(Records shown Opens)

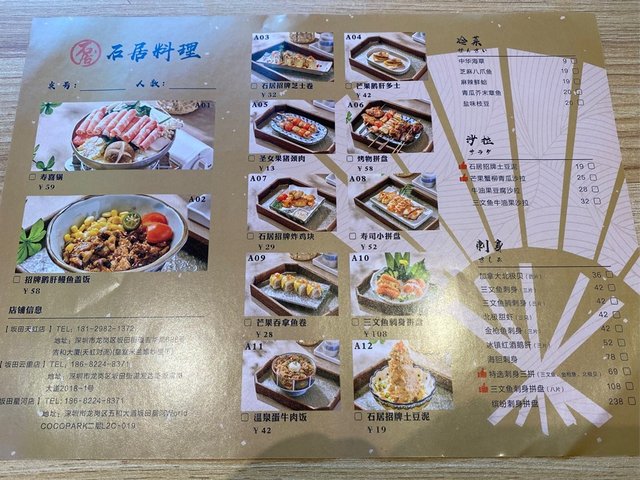 石居料理 (龙岗星河WORLD·COCO Park) (深圳) 网址: https://s.openrice.com/KtLS0W03L9S00 地址: 深圳龙岗区坂田五和大道与雅宝路交汇处星河WORLD·COCO Park L2层L2C-019号铺 电话: +86 18682248371
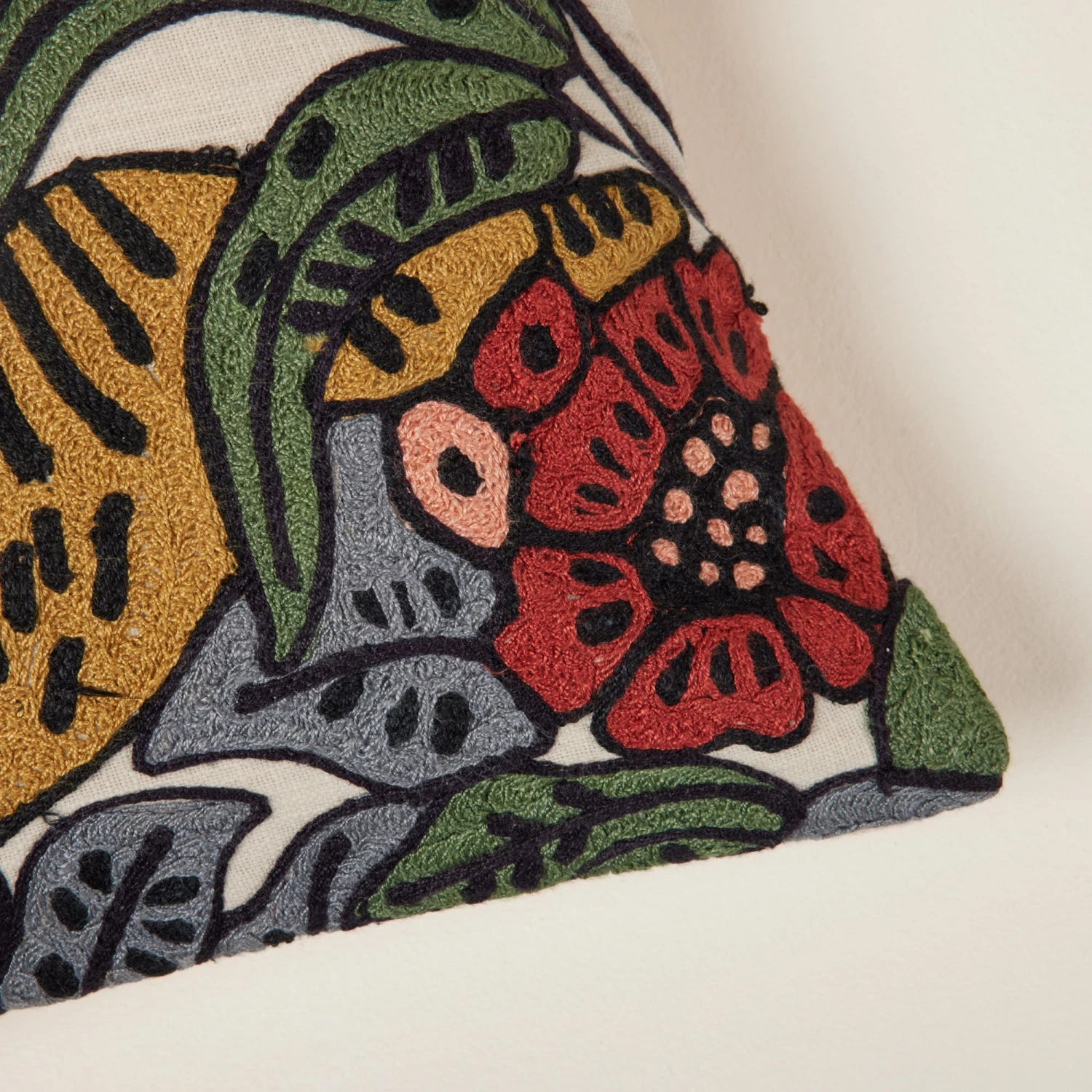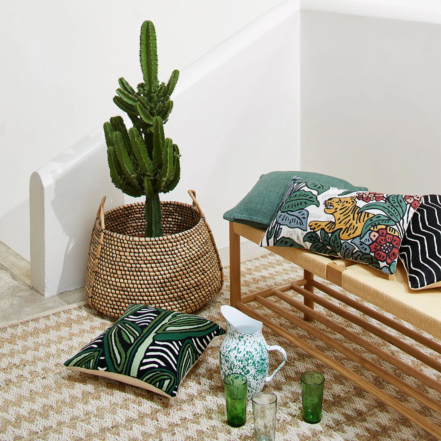 Décliné sur une toile de coton, le motif Tigris issu et retravaillé à partir d’une archive Madura fait penser aux jungles naïves du Douanier Rousseau.
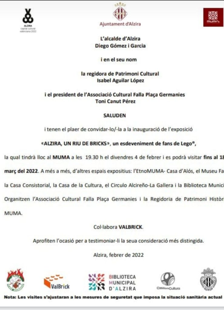 Anterior Alzira impulsa el concurs d’idees per al disseny del jardí «Memorial Luis Suñer Sanchis» Pròxim 14 centres educatius d’Alzira amb acreditació per rebre persones voluntàries d’Europa alzira, Informatius, Societat Alzira un riu de bricks al MUMA 26 enero, 20221 minuts vists Comentar Facebook Twitter WhatsApp Correu electrònic El MUMA acollirà des del pròxim 4 de febrer fins al 19, una exposició diferent, un esdeveniment per al fans de Lego. ALZIRA exposició Lego muma Fina Valiente Vore totes les publicacions També et pot agradar actualitat, Cultura, festes, Societat 👀🎞La novena i els assajos inicien l’agenda de les Festes de la Mare de Déu de la Salut 3 minuts vists actualitat, Informatius, Medi Ambient, Societat VIDEO/ Immobilitzades 80 tones d’olives i adobats diligències entregades en el Jutjat de Primera Instància d’Alzira. 3 minuts vists actualitat, ajuntament, alzira, Economía, Empreses VIDEO/ Acord de col·laboració entre l’Ajuntament i l’EGM de Materna 3 minuts vists Comentar Cancelar la respuestaTu dirección de correo electrónico no será publicada. Los campos obligatorios están marcados con *Comentario Nombre * Correo electrónico * Web Δ MAIGMAYO 12M12E CAMARENA eterniajoyeria novembre Idea 12 EMPRESES 12 COMERÇOS. JSR_ novembre Idea 12 EMPRESES 12 COMERÇOS.Asociación Empresarial AlziraDia de Promocions Especials
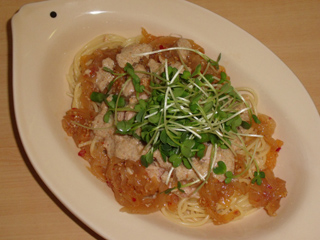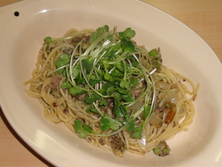 覚えていない・・・多分、アボカドとオイルサーディンで何かしたパスタに貝割れ大根がトッピングされたもの
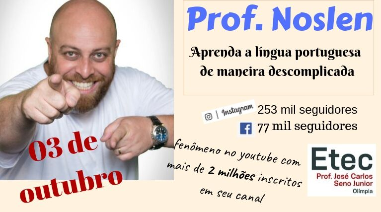 “Noslen é professor de Língua Portuguesa e Redação desde 2007. Natural de Curitiba, Paraná, “Nonô” – como é carinhosamente conhecido pelos fãs – é autor de vídeos lúdicos que, segundo ele, auxiliam o aluno a absorver as informações essenciais para o Enem.”
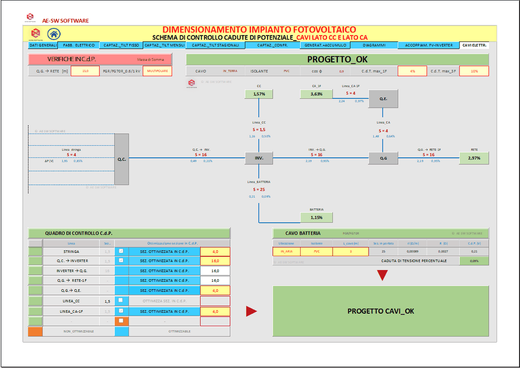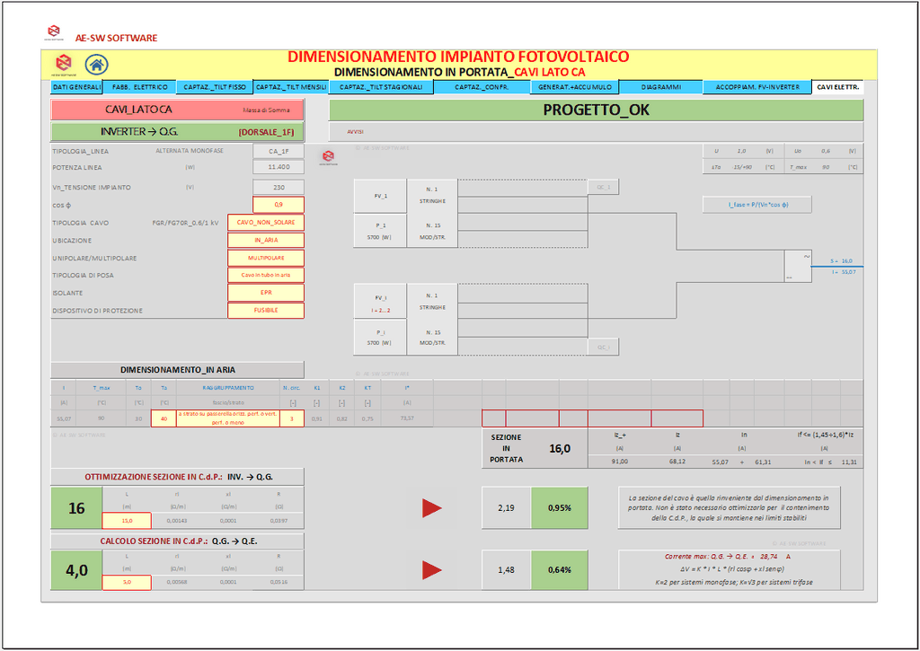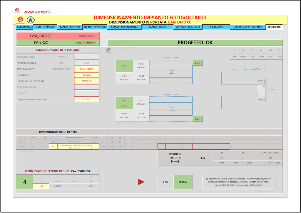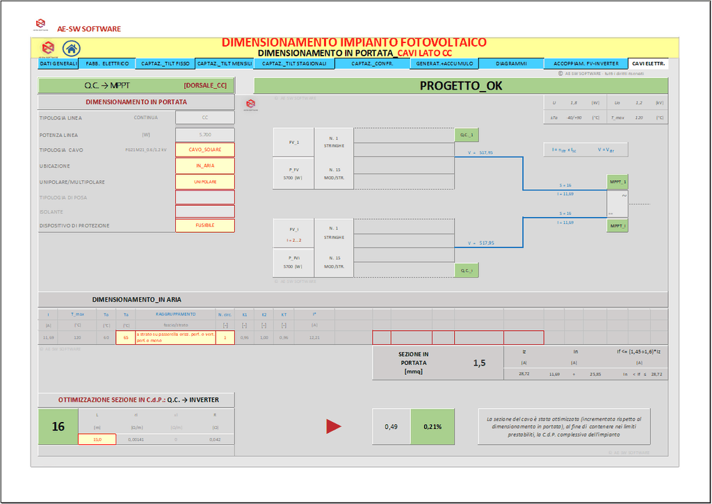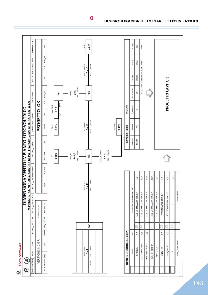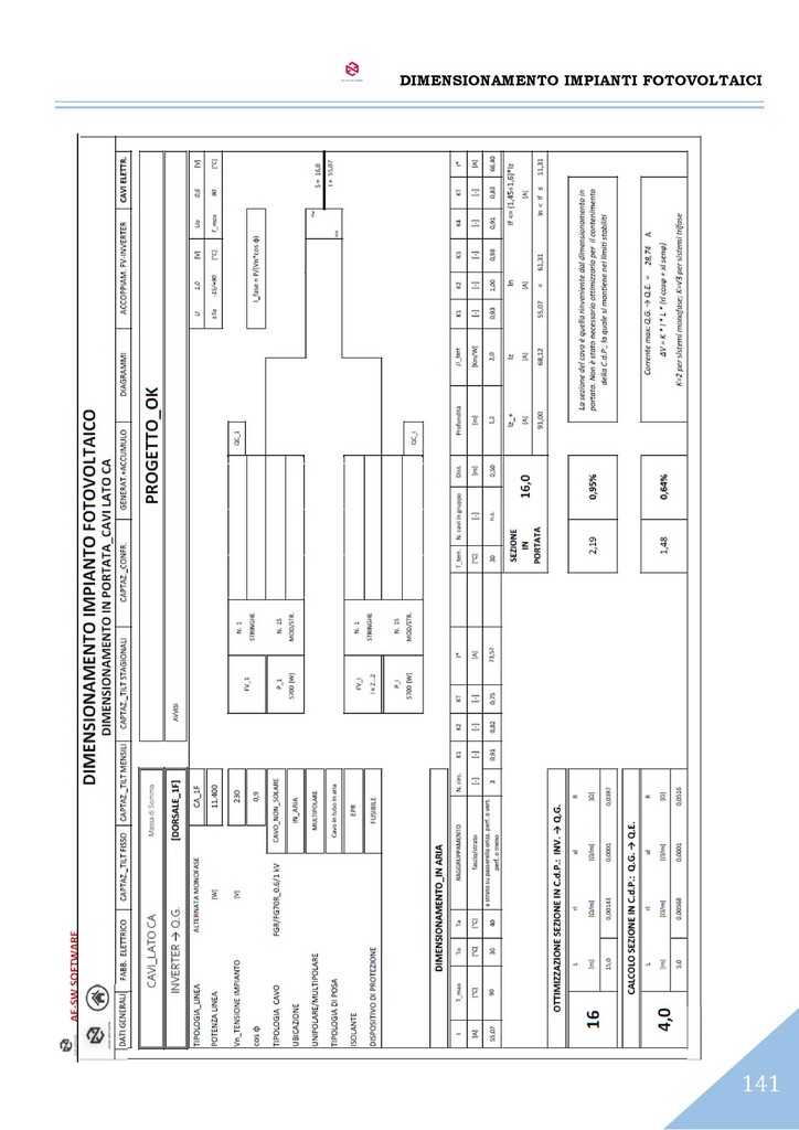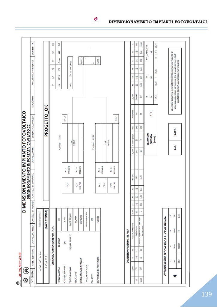 A conclusione del dimensionamento, è effettuato il calcolo dell’impianto elettrico del sistema con il reperimento delle sezioni dei cavi sia sul lato CC che sul lato CA secondo il metodo del dimensionamento in portata di cui alle norme CEI-UNEL e altresì secondo il metodo del dimensionamento in caduta di potenziale massima ammissibile.

(Records shown Closes)

> Work task: Omit the pictures, and please restate word for word the lines running from the line with "覚えていない・・・多分、アボ" to the end of the entries.

> Exercise solution:
 覚えていない・・・多分、アボカドとオイルサーディンで何かしたパスタに貝割れ大根がトッピングされたもの
 “Noslen é professor de Língua Portuguesa e Redação desde 2007. Natural de Curitiba, Paraná, “Nonô” – como é carinhosamente conhecido pelos fãs – é autor de vídeos lúdicos que, segundo ele, auxiliam o aluno a absorver as informações essenciais para o Enem.”
 A conclusione del dimensionamento, è effettuato il calcolo dell’impianto elettrico del sistema con il reperimento delle sezioni dei cavi sia sul lato CC che sul lato CA secondo il metodo del dimensionamento in portata di cui alle norme CEI-UNEL e altresì secondo il metodo del dimensionamento in caduta di potenziale massima ammissibile.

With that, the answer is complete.